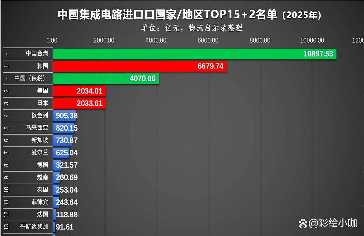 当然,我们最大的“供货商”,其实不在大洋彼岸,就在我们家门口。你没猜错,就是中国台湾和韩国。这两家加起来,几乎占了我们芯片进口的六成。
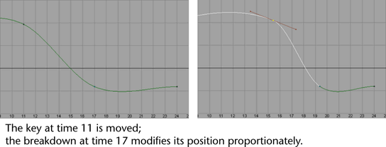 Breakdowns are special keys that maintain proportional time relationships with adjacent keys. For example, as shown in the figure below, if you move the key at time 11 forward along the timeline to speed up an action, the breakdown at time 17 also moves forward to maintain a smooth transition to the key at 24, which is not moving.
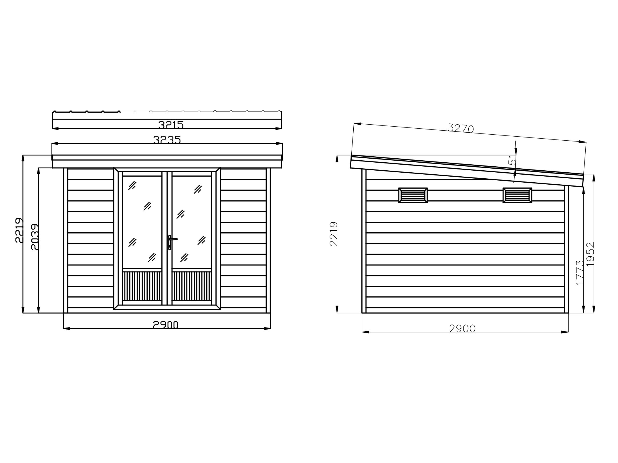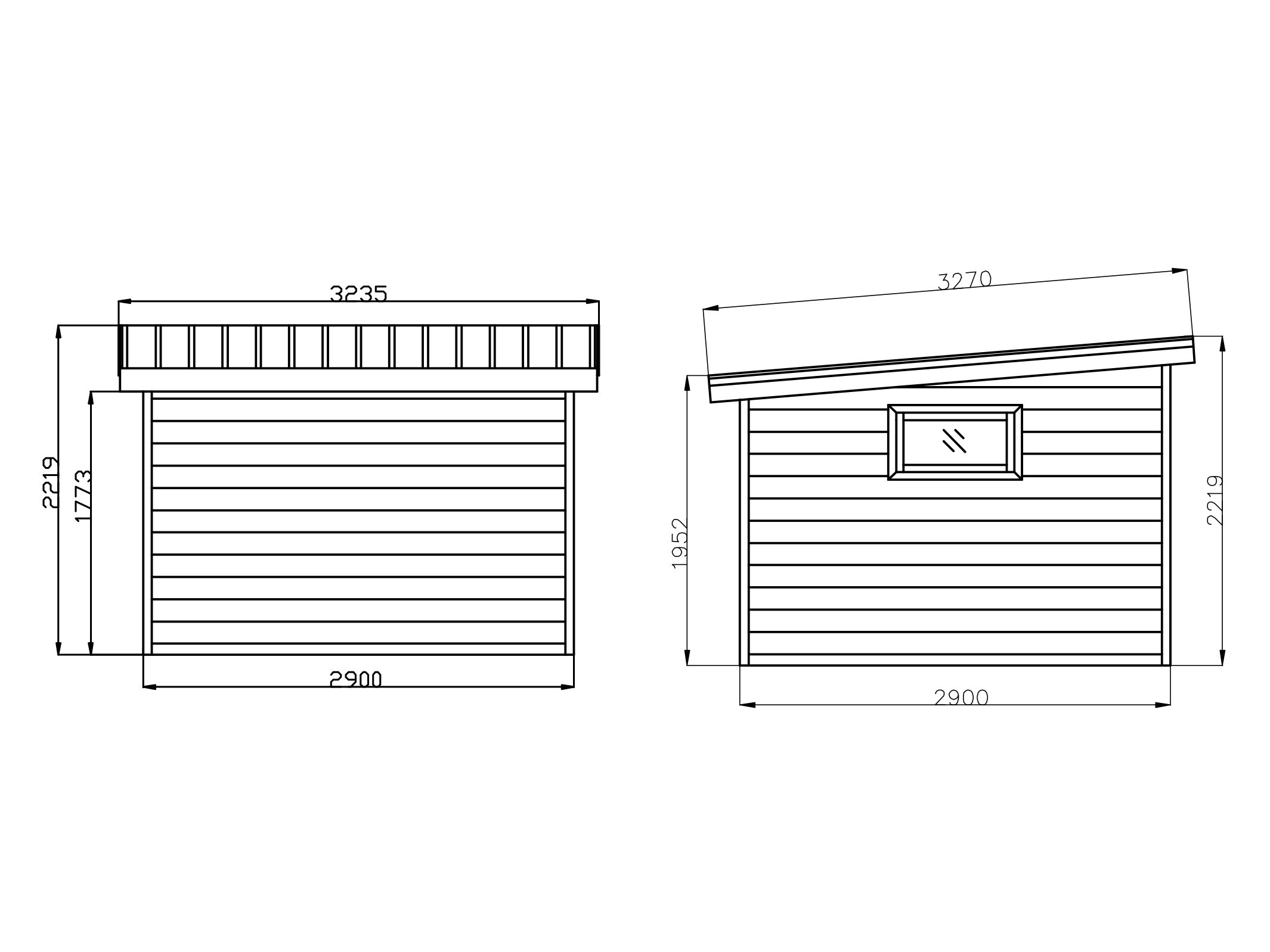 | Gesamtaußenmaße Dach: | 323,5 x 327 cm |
==
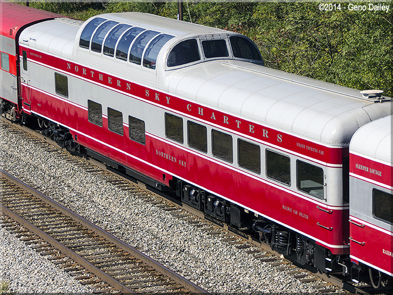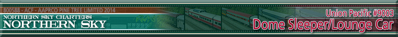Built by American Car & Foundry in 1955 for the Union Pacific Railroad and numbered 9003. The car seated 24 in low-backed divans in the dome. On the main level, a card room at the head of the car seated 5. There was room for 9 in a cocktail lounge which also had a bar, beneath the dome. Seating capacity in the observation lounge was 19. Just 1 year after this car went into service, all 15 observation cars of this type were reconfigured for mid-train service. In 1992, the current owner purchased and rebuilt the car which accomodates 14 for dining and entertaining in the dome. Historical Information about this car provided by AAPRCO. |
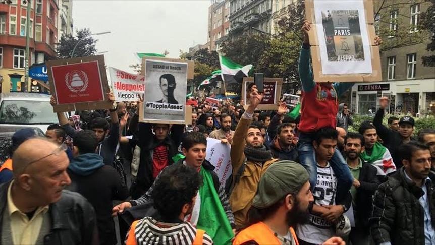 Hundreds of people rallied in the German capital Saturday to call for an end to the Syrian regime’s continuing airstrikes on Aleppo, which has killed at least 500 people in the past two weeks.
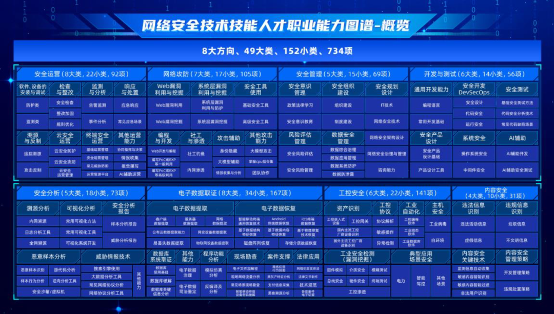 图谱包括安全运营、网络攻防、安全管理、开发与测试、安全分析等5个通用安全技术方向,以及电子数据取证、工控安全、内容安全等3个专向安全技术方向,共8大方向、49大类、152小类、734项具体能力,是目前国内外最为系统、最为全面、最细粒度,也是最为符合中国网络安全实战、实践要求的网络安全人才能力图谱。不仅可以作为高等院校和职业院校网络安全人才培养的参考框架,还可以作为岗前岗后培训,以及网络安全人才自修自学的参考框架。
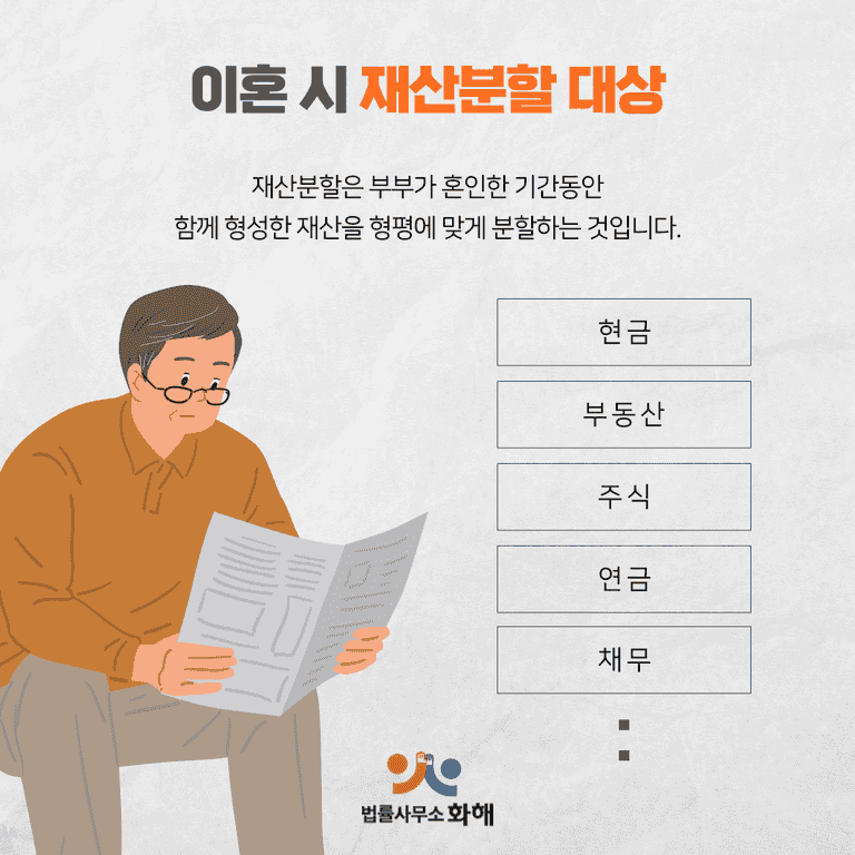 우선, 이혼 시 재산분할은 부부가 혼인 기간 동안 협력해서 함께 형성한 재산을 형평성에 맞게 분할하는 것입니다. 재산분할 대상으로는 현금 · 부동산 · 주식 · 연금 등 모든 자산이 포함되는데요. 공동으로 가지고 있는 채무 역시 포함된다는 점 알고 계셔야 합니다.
--
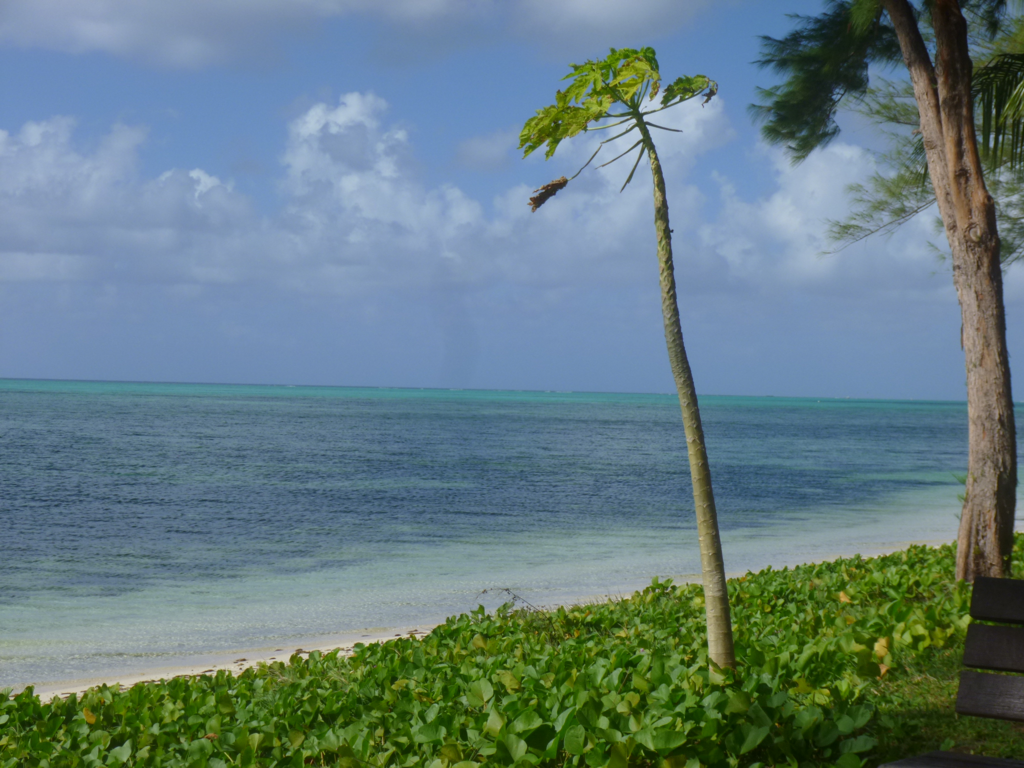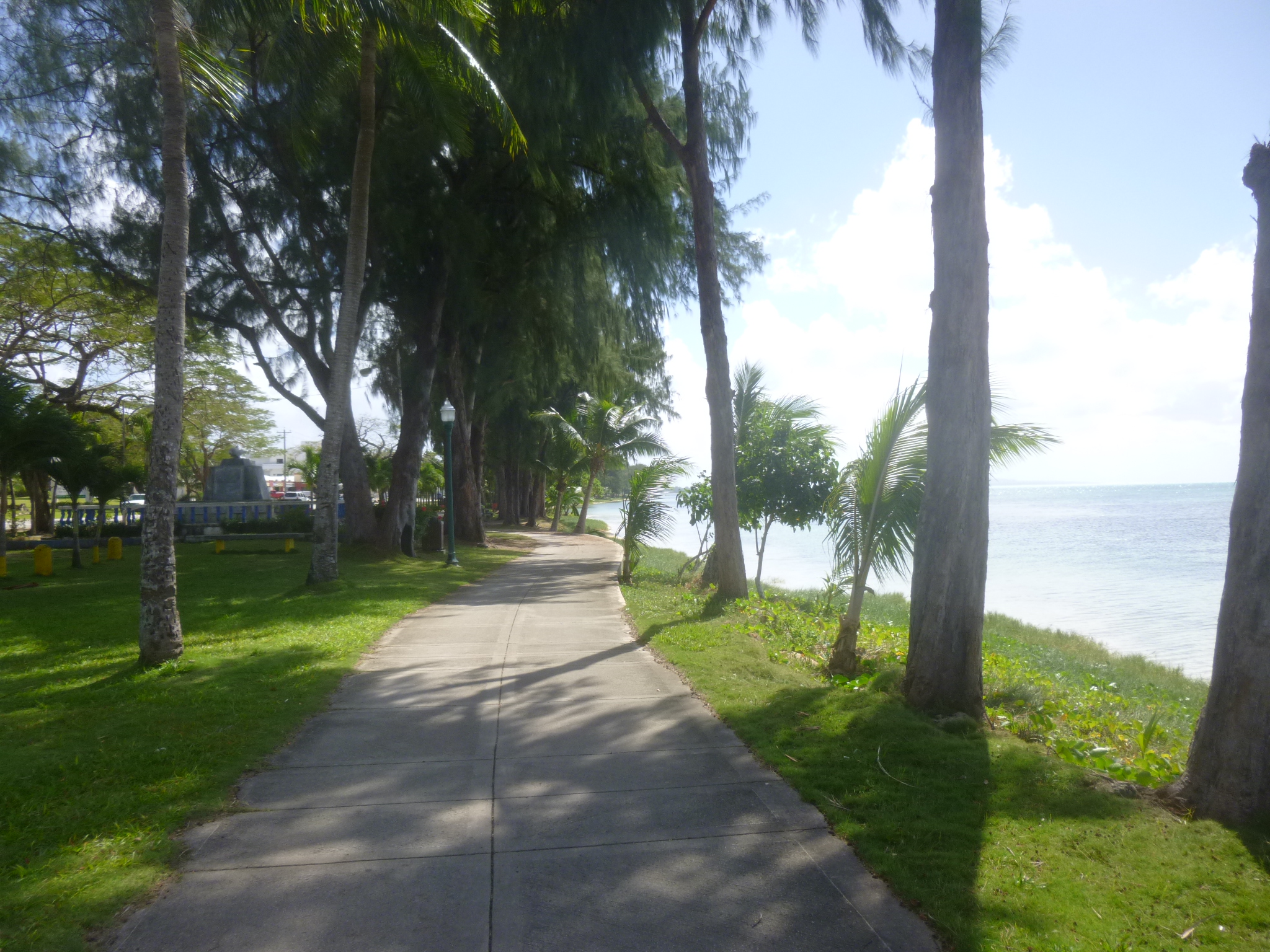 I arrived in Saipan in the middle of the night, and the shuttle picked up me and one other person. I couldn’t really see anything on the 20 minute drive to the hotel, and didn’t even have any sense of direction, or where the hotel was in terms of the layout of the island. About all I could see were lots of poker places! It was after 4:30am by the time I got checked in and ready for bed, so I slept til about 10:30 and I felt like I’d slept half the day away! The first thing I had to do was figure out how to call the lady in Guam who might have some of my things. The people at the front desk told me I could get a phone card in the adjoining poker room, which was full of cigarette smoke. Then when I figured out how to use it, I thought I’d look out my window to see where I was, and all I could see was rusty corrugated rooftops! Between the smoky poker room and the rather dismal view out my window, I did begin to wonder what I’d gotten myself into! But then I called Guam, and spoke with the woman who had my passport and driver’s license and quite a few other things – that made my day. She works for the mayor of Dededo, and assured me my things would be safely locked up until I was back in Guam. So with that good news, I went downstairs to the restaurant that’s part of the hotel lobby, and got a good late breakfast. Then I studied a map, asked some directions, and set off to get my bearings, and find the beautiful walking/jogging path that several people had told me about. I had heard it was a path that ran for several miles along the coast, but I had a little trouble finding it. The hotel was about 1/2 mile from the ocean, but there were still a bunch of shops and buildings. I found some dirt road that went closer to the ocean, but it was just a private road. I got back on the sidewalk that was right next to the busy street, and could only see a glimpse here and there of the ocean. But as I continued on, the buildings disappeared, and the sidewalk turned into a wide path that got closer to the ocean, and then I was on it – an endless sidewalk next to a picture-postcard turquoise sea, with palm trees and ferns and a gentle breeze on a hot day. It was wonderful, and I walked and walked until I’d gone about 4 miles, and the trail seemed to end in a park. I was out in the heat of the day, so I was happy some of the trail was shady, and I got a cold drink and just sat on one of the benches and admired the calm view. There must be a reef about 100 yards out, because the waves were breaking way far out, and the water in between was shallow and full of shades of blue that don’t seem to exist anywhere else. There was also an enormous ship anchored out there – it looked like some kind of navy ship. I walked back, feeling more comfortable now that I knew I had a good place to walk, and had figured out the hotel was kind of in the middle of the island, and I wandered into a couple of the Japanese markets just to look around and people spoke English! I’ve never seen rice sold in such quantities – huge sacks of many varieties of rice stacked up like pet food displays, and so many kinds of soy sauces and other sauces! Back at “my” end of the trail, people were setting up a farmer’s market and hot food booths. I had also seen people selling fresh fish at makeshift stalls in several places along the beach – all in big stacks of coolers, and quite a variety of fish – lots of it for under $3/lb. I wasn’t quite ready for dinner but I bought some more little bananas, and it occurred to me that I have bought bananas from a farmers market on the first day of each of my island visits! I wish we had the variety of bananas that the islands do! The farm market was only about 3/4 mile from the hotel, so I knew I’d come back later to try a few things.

# WHAT IS REQUIRED
In the listing above, find the line containing "Breakdowns are special" and the line containing "323,5 x 327 cm |". Reproduce those lines and all between them exactly, with no pictures and nothing more.

# SOLVED PROBLEM
 Breakdowns are special keys that maintain proportional time relationships with adjacent keys. For example, as shown in the figure below, if you move the key at time 11 forward along the timeline to speed up an action, the breakdown at time 17 also moves forward to maintain a smooth transition to the key at 24, which is not moving.
 | Gesamtaußenmaße Dach: | 323,5 x 327 cm |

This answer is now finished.